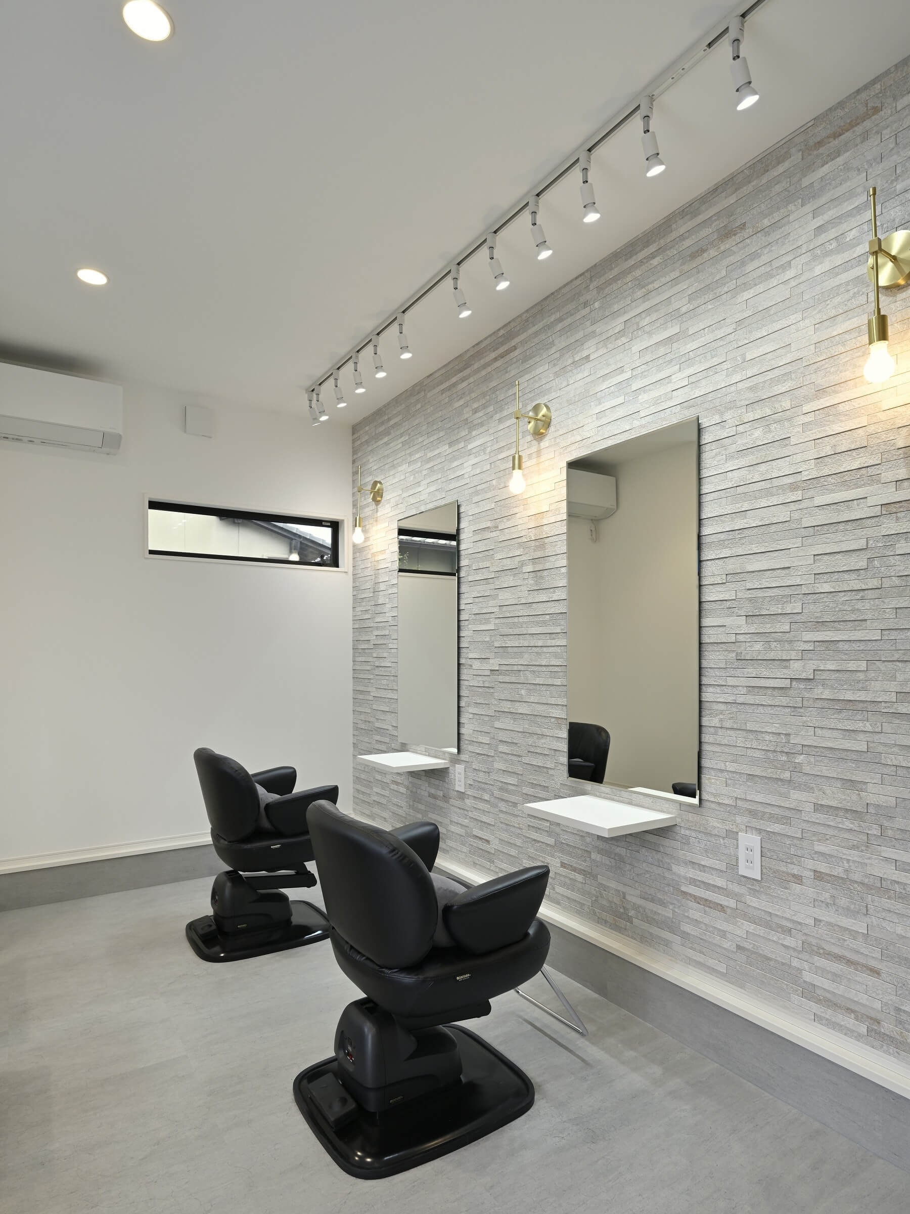 「いちばんの問題はお店と住空間のバランス。私は20帖近くあるリビングにしたかったので、夫との領土争いにまで発展しましたね(笑)」と奥様。そこで、浴室や洗面室といったキッチン以外の水廻りを2階へ移動。1階はご主人が営むヘアサロンとLDKのみというシンプルな間取りによって、大空間リビングを実現されました。
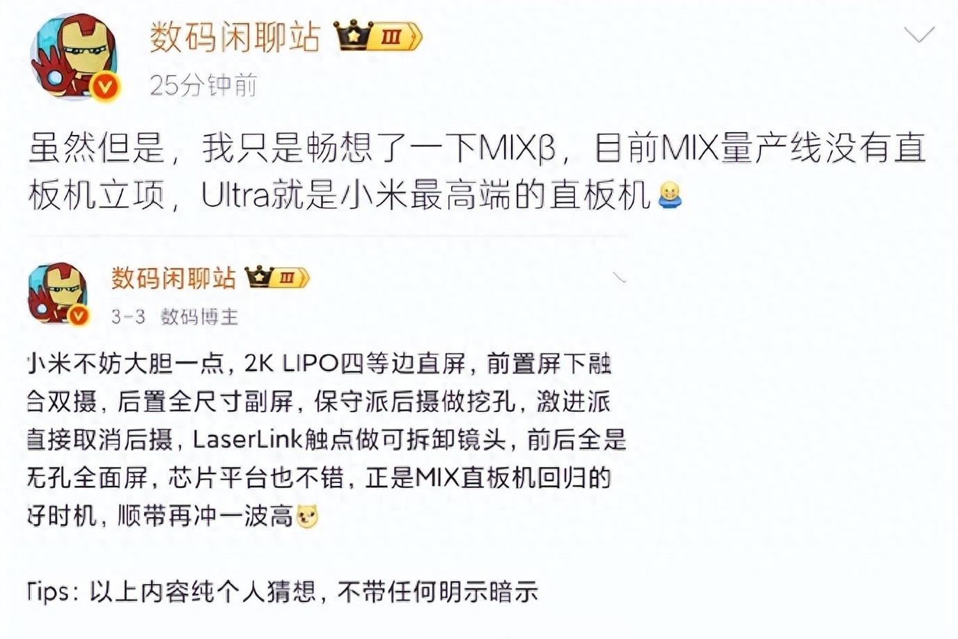 数码博主@数码闲聊站明确表示,小米MIX直板机回归只是“个人猜想”,目前没有任何计划。
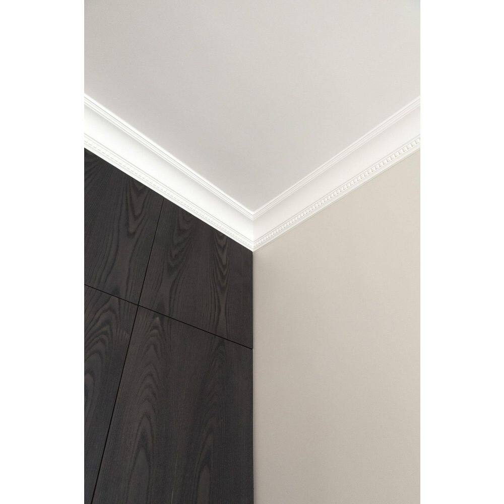The ORAC DECOR Dentil High-Impact Polystyrene Crown Moulding is a durable and elegantly detailed addition to any room, offering the look of classic European design with modern ease. Made from high-density polystyrene, it promises longevity and impact resistance, ideal for both renovations and new constructions.

****************

● **PROBLEM TO WORK ON**: What this calls for is the material above set down exactly, pictures excluded.

● **REPLY**:
 「いちばんの問題はお店と住空間のバランス。私は20帖近くあるリビングにしたかったので、夫との領土争いにまで発展しましたね(笑)」と奥様。そこで、浴室や洗面室といったキッチン以外の水廻りを2階へ移動。1階はご主人が営むヘアサロンとLDKのみというシンプルな間取りによって、大空間リビングを実現されました。
 数码博主@数码闲聊站明确表示,小米MIX直板机回归只是“个人猜想”,目前没有任何计划。
The ORAC DECOR Dentil High-Impact Polystyrene Crown Moulding is a durable and elegantly detailed addition to any room, offering the look of classic European design with modern ease. Made from high-density polystyrene, it promises longevity and impact resistance, ideal for both renovations and new constructions.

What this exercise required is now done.